**TASK REQUIREMENTS:** Only the lines of the data below from the one with "A Square Magnet" through the one with "in the space." are wanted. Repeat them exactly.

**MATERIAL FOR THIS EXERCISE:**
--- --- ---

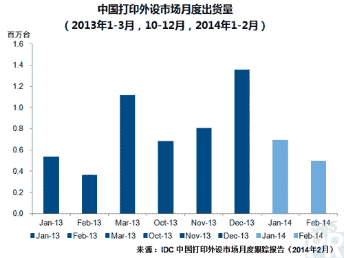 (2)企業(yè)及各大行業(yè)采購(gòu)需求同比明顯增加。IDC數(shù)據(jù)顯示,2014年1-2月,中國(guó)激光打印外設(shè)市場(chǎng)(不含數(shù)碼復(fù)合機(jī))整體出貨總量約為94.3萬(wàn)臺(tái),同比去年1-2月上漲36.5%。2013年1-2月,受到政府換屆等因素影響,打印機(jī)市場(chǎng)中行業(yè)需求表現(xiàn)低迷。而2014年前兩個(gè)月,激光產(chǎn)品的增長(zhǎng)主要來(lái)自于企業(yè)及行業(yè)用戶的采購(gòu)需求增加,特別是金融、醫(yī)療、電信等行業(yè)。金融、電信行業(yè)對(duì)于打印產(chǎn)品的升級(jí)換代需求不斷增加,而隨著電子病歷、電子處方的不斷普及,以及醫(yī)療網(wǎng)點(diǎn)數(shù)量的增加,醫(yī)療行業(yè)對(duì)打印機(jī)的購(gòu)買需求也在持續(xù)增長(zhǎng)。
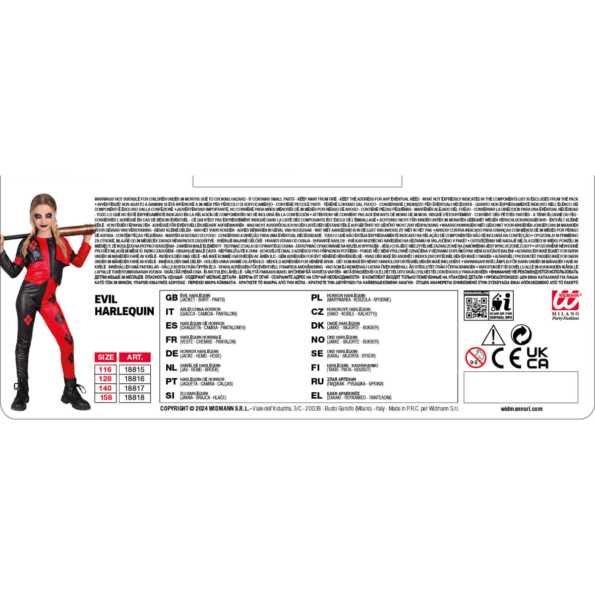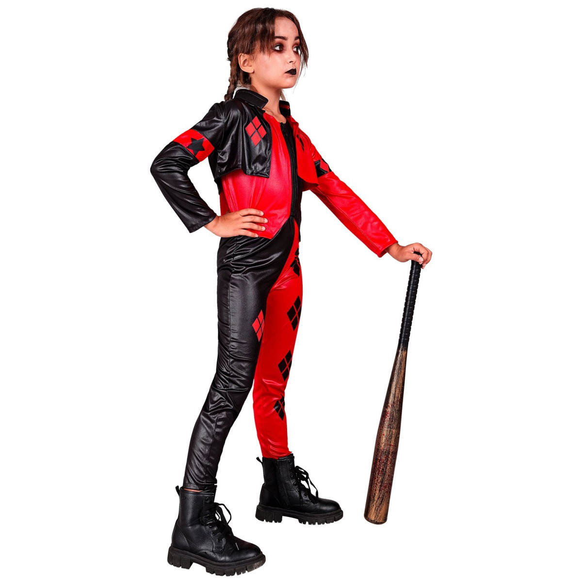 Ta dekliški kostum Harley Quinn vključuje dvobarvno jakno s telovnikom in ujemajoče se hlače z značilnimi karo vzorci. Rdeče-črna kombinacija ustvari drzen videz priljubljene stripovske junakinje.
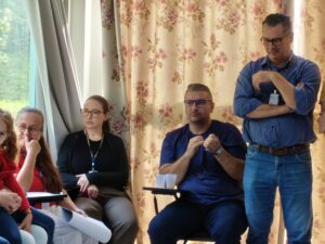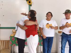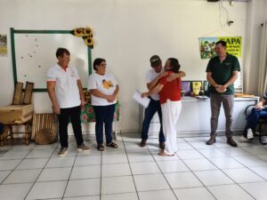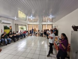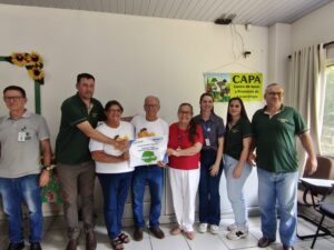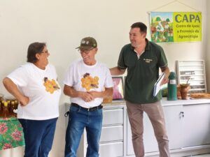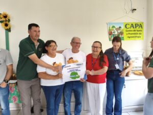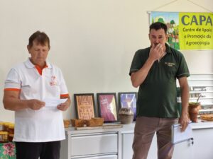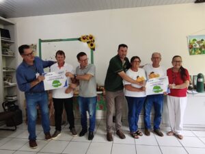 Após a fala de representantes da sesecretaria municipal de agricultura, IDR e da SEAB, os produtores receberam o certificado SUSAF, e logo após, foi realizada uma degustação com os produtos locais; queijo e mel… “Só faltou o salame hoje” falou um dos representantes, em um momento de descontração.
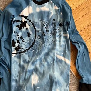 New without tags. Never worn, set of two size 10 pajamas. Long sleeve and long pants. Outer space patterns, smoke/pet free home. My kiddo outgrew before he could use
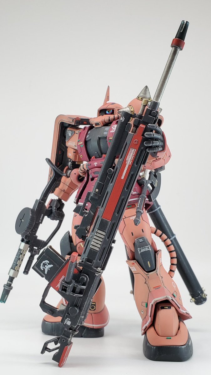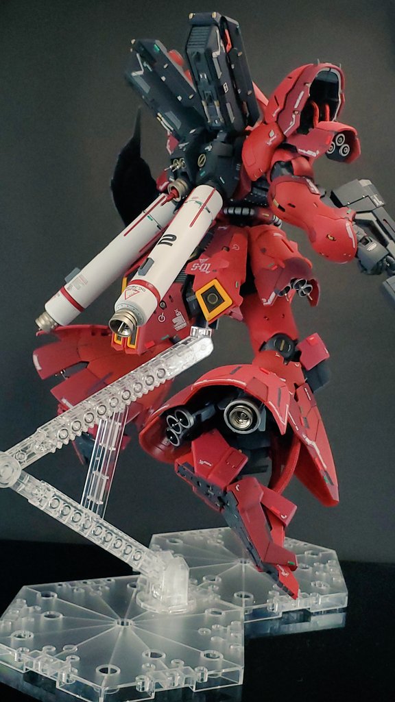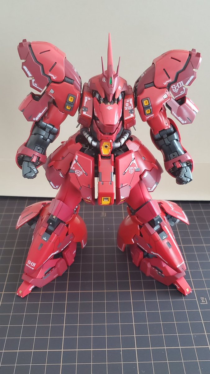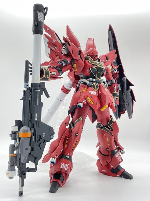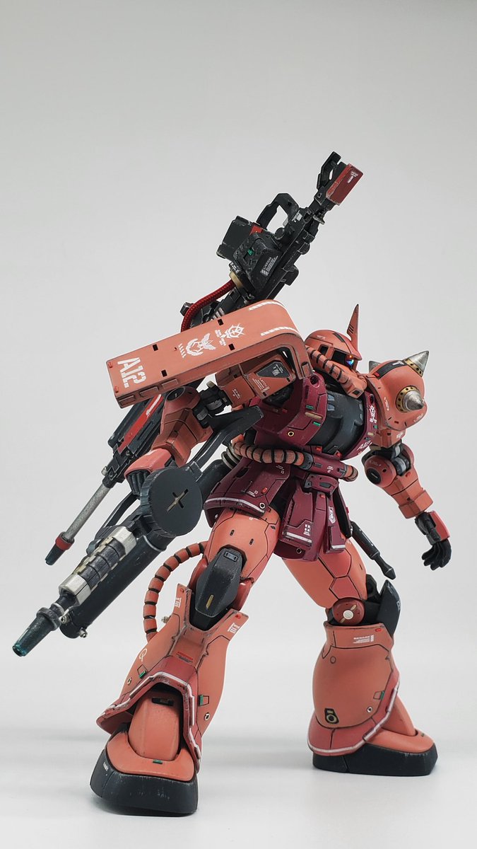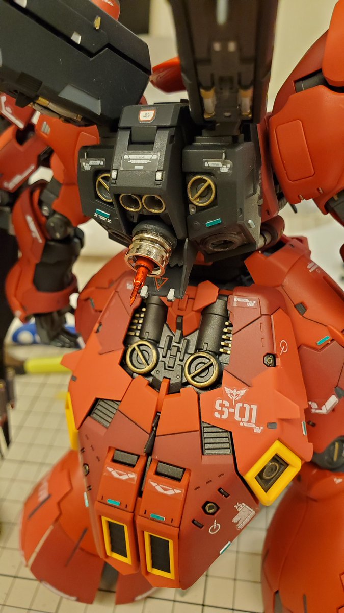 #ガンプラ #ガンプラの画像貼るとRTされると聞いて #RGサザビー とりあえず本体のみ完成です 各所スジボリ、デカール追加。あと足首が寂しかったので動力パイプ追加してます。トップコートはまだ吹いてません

--- --- ---

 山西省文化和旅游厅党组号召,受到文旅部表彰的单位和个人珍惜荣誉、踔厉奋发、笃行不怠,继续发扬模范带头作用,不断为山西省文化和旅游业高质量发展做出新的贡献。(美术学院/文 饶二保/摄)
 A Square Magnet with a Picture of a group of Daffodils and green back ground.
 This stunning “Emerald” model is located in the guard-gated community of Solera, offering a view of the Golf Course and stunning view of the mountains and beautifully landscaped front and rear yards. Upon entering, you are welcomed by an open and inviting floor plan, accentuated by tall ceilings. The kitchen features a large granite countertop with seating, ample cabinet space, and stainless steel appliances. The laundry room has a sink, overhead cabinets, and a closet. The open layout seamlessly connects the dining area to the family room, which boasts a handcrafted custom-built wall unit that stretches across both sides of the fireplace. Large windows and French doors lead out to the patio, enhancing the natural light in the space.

--- --- ---

**SOLUTION TO THIS TASK:**
 A Square Magnet with a Picture of a group of Daffodils and green back ground.
 This stunning “Emerald” model is located in the guard-gated community of Solera, offering a view of the Golf Course and stunning view of the mountains and beautifully landscaped front and rear yards. Upon entering, you are welcomed by an open and inviting floor plan, accentuated by tall ceilings. The kitchen features a large granite countertop with seating, ample cabinet space, and stainless steel appliances. The laundry room has a sink, overhead cabinets, and a closet. The open layout seamlessly connects the dining area to the family room, which boasts a handcrafted custom-built wall unit that stretches across both sides of the fireplace. Large windows and French doors lead out to the patio, enhancing the natural light in the space.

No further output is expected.